Clustering Problems

Data Set:

This week's dataset you are going to use a number of datasets that you have used previously, in conjunction with one new dataset. The old datasets are the BLS unemployment data (in /data/BigData/bls/la/), the zip code locations data (in /data/BigData/bls/), and the 2016 elections data (in /data/BigData/bls/). The new data is a different BLS dataset, the Quarterly Census of Employment and Wages (https://www.bls.gov/cew/datatoc.htm). You can find the data in /data/BigData/bls/qcew/. A description of the fields from the main file is at https://data.bls.gov/cew/doc/layouts/csv_quarterly_layout.htm. As the name implies, this data set looks at wage information in different sectors of the economy.

Questions:

All the code that you write to answer these questions should be put in a package called sparkml in the assignment repository. You should also make a file called sparkcluster.md in the top level of your repository that includes a write-up with your answers to the questions and any requested plots.

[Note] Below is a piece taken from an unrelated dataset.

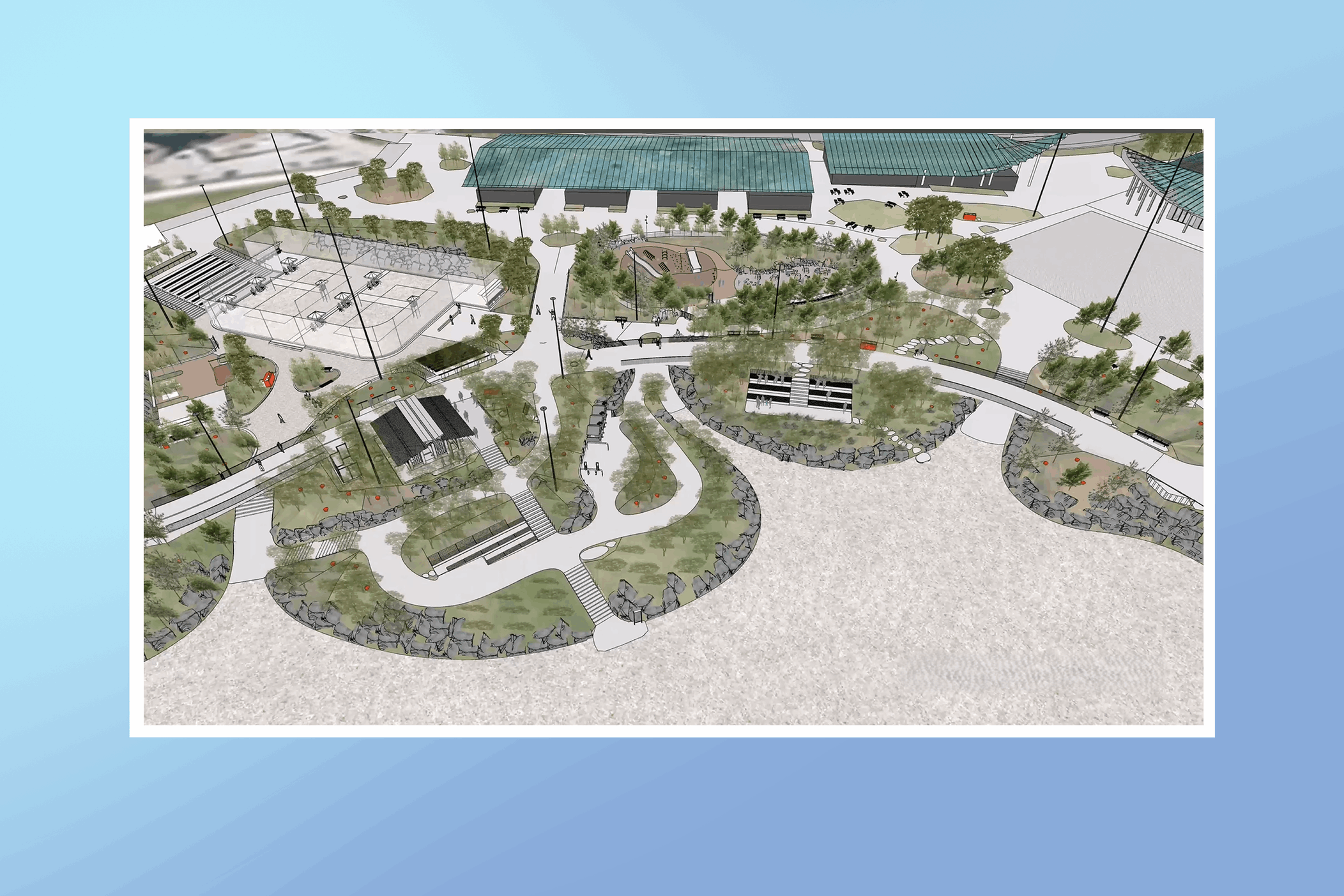 Кроме того, проект предусматривает возведение огромной сцены, которая, станет центром проведения городских мероприятий, фестивалей и концертов в летний период. Не менее важной частью плана стало обустройство обширной прогулочной парковой зоны, оснащенной местами для тихого отдыха.

1. Which aggregation level codes are for county-level data? How many entries are in the main data file for each of the county level codes?

2. How many entries does the main file have for Bexar County?

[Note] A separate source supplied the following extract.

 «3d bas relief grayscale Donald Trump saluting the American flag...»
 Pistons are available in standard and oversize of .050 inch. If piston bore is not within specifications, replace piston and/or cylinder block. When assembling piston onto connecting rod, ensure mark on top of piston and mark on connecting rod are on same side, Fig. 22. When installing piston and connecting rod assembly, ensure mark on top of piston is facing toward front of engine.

3. What are the three most common industry codes by the number of records? How many records for each?

4. What three industries have the largest total wages for 2016? What are those total wages? (Consider only NAICS 6-digit County values.)

5. Explore clustering options on the BLS data to try to find clusters that align with voting tendencies. You will do this for two clusters and for more clusters. (I won't tell you exactly how many, but something like 3, where you have clusters for strongly Democractic, strongly Republican, and neutral would be a option.) You need to tell me what values you used for dimensions, and how good a job the clustering does of reproducing voting tendencies. You can do that by giving the fraction of counties that were in the appropriate cluster.

6. Make scatter plots of the voting results of the 2016 election (I suggest ratio of votes for each party) and each of your groupings. Use color schemes that make it clear how good a job the clustering did.

!!! Work with temperature data. Combine clustering with linear regression to make a map of linearized temperature change over the timescale of the dataset.